Big Data Hadoop & Spark

Implementing HBase filters using Java APIs

In our previous blog we discussed about Need and Working of Filters in HBase. In this blog, we will be implementing a filtering operation on a set of rows in a HBase table.
We also recommend readers to go through our our below posts on HBase as it would help them in understanding the concepts given in this post in a better way.
Beginners Guide For HBase
Working of HBase components
Read and Write Operations in HBase
Performing CRUD Operations on HBase using JAVA API
For the below example, we will be using an existing table named “customer” from HBase default database. We can observe in the below image that by using HBase “list” command, we are listing the tables present in the HBase default database.

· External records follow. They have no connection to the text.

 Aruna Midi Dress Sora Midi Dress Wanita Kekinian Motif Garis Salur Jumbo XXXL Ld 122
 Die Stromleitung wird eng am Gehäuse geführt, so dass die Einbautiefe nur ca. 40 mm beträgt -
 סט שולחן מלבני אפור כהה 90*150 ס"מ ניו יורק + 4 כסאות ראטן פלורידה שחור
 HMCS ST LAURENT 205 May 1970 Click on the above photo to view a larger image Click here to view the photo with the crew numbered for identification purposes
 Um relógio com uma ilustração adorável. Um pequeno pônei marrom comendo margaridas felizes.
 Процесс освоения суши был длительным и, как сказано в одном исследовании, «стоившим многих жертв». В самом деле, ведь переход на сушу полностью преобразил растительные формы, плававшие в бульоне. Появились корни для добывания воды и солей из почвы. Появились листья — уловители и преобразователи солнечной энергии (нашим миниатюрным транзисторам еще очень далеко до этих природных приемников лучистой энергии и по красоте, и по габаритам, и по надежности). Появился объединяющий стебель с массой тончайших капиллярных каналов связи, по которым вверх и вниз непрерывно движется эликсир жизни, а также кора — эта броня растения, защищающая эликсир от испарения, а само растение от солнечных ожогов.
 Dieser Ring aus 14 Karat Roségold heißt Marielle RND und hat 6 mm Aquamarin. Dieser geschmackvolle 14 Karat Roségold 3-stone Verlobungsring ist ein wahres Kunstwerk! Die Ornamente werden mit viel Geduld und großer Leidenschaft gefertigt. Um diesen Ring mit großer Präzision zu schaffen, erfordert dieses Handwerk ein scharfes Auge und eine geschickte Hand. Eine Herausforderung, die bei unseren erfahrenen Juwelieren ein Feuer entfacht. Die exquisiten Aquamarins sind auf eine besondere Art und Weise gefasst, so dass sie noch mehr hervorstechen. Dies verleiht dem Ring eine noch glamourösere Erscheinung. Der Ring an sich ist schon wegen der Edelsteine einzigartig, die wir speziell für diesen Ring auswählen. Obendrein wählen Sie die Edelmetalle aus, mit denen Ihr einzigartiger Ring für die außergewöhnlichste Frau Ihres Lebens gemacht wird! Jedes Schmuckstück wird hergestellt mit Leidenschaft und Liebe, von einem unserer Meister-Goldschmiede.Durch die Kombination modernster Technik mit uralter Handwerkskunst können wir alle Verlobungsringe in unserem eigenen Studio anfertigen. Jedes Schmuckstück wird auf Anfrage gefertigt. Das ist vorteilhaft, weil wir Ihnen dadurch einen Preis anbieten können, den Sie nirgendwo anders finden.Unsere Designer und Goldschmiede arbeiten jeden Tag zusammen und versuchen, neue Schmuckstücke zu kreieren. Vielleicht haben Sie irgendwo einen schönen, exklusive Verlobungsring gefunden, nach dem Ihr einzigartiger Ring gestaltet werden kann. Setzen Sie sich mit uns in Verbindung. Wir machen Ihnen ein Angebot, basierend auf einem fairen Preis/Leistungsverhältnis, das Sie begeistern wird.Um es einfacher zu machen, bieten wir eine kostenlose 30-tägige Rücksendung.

Table “customer” contents :
As shown in the below image, the table “customer” consists of three rows, namely Kiran, Manjunath and Prateek with a single column family named “order” and its column qualifier name as the number.

Scenario 1 :
Write a Java API to list the row values of the “customer” table without using Filter function.
Expected Output:
We can refer to the below screenshot to see the what the expected output will be.
5.0 row filter retrieve all rows using scan
Source Code:
package com.acadgild.hbase;
import java.io.IOException;
import java.util.ArrayList;
import java.util.List;
import org.apache.hadoop.conf.Configuration;
import org.apache.hadoop.hbase.HBaseConfiguration;
import org.apache.hadoop.hbase.client.HTable;
import org.apache.hadoop.hbase.client.Result;
import org.apache.hadoop.hbase.client.ResultScanner;
import org.apache.hadoop.hbase.client.Scan;
import org.apache.hadoop.hbase.filter.Filter;
import org.apache.hadoop.hbase.filter.FilterBase;
import org.apache.hadoop.hbase.filter.FilterList;
import org.apache.hadoop.hbase.filter.RegexStringComparator;
import org.apache.hadoop.hbase.filter.RowFilter;
import org.apache.hadoop.hbase.filter.SubstringComparator;
import org.apache.hadoop.hbase.filter.ValueFilter;
import org.apache.hadoop.hbase.filter.CompareFilter;
import org.apache.hadoop.hbase.filter.CompareFilter.CompareOp;
import org.apache.hadoop.hbase.util.Bytes;
import org.jruby.compiler.ir.operands.Array;

public class Filter_RowValue {
public static void main(String args[])throws IOException {
Configuration conf = HBaseConfiguration.create();
HTable table = new HTable(conf,"customer");
Scan scan = new Scan();
scan.addColumn(Bytes.toBytes("order"),Bytes.toBytes("number"));
ResultScanner result = table.getScanner(scan);
for(Result res:result){
byte[] val = res.getValue(Bytes.toBytes("order"), Bytes.toBytes("number"));
System.out.println("Row-value : "+Bytes.toString(val));
System.out.println(res);
}
table.close();
}
}

Here’s the explanation of each line of code :
In line 1, we are declaring a class name Filter_RowValue.
In line 3, the Configuration class adds HBase configuration resources to its object conf with the help of create() method of the HBaseConfiguration class.
In line 4, the class HTable instance “table” will allow to communicate with a single HBase table, it accepts configuration object and the table name as the parameters.
In line 5, we are creating class Scan “scan” instance to perform Scan operations.
In line 6, we are using addColumn method to column in the table “customer”, where “order” is the column family name and “number” is the column qualifier name of the column family “order”.
In line 7, we are declaring ResultScanner instance “result” which returns a scanner on the current table “customer” as specified by the Scan object.
In line 8, a foreach loop is taken, which will run each time for the rows inside the “customer” table until the result scanner value is found.
In line 9, we are storing entire rows, if the column family name is “order” and column qualifier name is “number” found in the table “customer” in the variable val.
In line 10, we are printing the entire variable val values with its associated column qualifier value.
In line 13, we are closing the table operation.
Output:
5.0 row filter retrieve all rows using scan
Hadoop
Scenario 2 :
Write a Java API to list the row values of the “customer” table where the column qualifier value is “Fli” and discarding the rows which is not having column qulaifier value as “Fli” using HBase Filter function.
Expected Output :
We can refer to the below screenshot to see the what the expected output will be.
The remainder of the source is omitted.